I finally collapsed in a languid puddle, skin flushed, and Bane slowly caressed his hand up over my stomach.

He was still hard as iron, his shaft ground against my hip, but when I reached for him…

He caught my hand, pulling me against him, my back to his chest. I should’ve known, but I was too wrung-out to fight.

“My lovely Cirri.” His voice was rough, raw, but his arms were an implacable prison. He stroked me from shoulder to hip, his fingers dancing over my skin. “You’ve trusted me. Let’s not tempt fate now. Sleep with me.”

I understood. He was on the edge, torn between thirst and desire.

And I was still too much of a coward to face the beast’s fangs.

So I settled against him, letting the sleepy, warm glow take me under.

Chapter 20

Bane

In the early hours of the morning, well before dawn light dared to breach the mist of the Rift, I stroked the spill of crimson hair on my pillow and wondered if I was still dreaming.

Had I really spent the previous months fearing what my life was to become? Locked every day in a torment of knowing that I would be hated, despised, that the faceless woman I’d pictured as my wife would bar and bolt her doors against so much as a word from me… and now here I was, after a night of touching her, holding her in my arms, thinking that I couldn’t possibly be awake.

This couldn’t be real, and yet it was.

Cirri shifted in her sleep, curling up tighter and letting out a tiny sigh. I pulled the blanket over her, tucking it in around her shoulders.

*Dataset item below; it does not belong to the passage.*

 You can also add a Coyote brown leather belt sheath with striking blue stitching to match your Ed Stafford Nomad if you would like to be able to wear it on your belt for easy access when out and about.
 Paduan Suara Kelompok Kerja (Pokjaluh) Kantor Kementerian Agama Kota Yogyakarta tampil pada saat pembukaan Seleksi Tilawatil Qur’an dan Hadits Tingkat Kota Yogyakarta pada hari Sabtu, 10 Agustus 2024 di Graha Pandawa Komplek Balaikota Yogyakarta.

With one last touch, barely a graze over her cheek, I climbed from the bed with as little motion as possible, determined not to wake her.

My eyes didn’t need light to find proper clothes, and she was still sleeping as I leaned from the window to pluck one of the tiny roses that had bloomed on the climbing vines outside.

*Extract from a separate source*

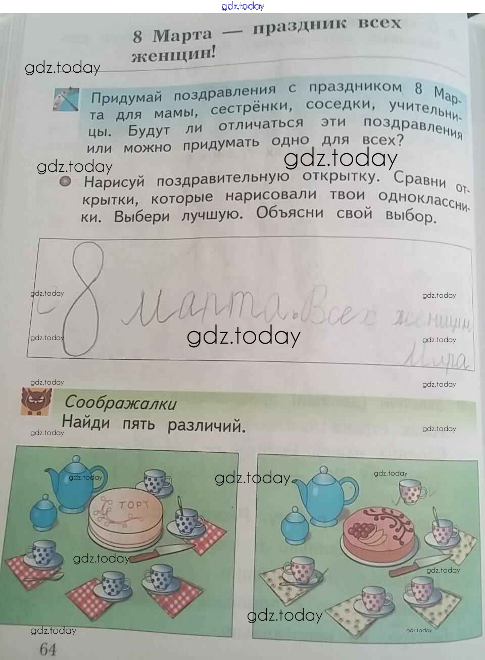 На страницах сайта gdz.today вы найдете учебный и вспомогательный материал, направленный на улучшения знаний школьной программы. ГДЗ - онлайн мир знаний Страницы (решение) 64 Рабочей тетради по Окружающему миру для 1 класса Виноградова Вентана-граф Начальная школа XXI века 2017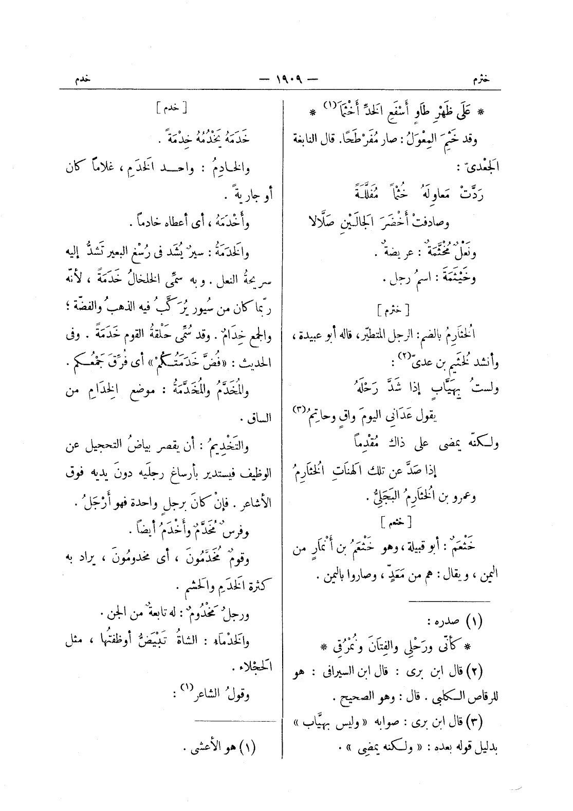 [خثرم] الخُثارِمُ بالضم: الرجل المتطيّر، قاله أبو عبيدة، وأنشد لخثيم بن عدى (¬2) : ولست بهياب إذا شَدَّ رَحْلَهُ يقول عَداني اليومَ واقٍ وحاتِمُ (¬3) ولكنّه يمضي على ذاك مُقْدِماً إذا صَدَّ عن تلك الهنات الخثارم وعمرو بن الخثارم البجلى.

Her hand was curled on the pillow, the other tucked under the blanket beneath her chin. I set the rose near her fingers, where she’d find it when she woke and know that I hadn’t wanted to leave her here alone… but there were things I needed to do, people I needed to see.

I opened her journal, debating the wisdom of what I was about to do—this journal was hers, and hers alone. But it was also our conversation on the page…

I picked up her pen, carefully pinching it between thumb and forefinger. While I had shattered my fair share of pencils—and Serissan glass quills were completely out of the question—the last thing I wanted was to so much as dent her main method of clear communication.

I have gone to attend my duties, but I will find you as soon as I can, my lovely rose. Koryek will bring you to the library, and if I do not see you before noon, I will come find you for dinner.

I paused, and finally signed it as ‘your devoted beast’. She would understand that I was joking, I hoped.

I laid the pen atop the journal and quietly slipped from the room.

With every day that passed, fear and confidence grew in equal measure—confidence that this might not be a living hell, but a reward I hadn’t deserved; fear that one day she would wake up and realize she slept next to a monster, and that the only answer to a monster was to escape from it.

I would do my best not to be a beast she needed to run from. The note tucked into my shirt pocket seemed to burn against my skin, not only because I was hiding it from Cirri, but because I hadn’t been sure that my hopes would be answered.

The keep was already rising, along with the sun; I made my way to the Tower of Summer just ahead of servants bearing breakfast.

Of all the towers, this one was the tidiest, decorated with what the human nobles of Ravenscry had left behind when I took their throne. To my eye, it was overwrought and impersonal, all gilt and flowery still-lifes and overstuffed furniture, but it was usually reserved for visiting nobles, who seemed to like such things.

The guest now inhabiting the tower was not a noble, nor a vampire; the Silent Brother answered the door at my knock, giving me a brief, impersonal bow of greeting.

“I thank you for responding to my summons,” I said, stepping into the tower. “Of course, there will be gold in it for you, for every day that you are here.”

He grinned; the last time I’d seen him, in the tavern in Thornvale, I’d given him enough gold to live on for a year. When I’d written a note to my steward, asking him to pass the message along to Thornvale in the hopes that the Brother would still be there—and still interested in making an enormous sum of money—I’d wondered if he had already moved on to better climes, but the ancestors were looking out for me this time.

He was not a Silent Brother I recognized from the Rift’s small chapter, but he’d likely fought under the commands of one of my fellow fiends; speaking to me didn’t seem to phase him at all.

The Brother had shed his leather armor and wore only the pure white uniform of his order, and he unclasped a tiny notebook from the belt around his waist, producing a blunted pencil.

I’m Brother Glyn, happy to be of service, he wrote.The Vale chapter desperately needs the gold. This time, though, I think we should start at the beginning, properly. None of us learn to speak as you attempted, every word and concept all at once.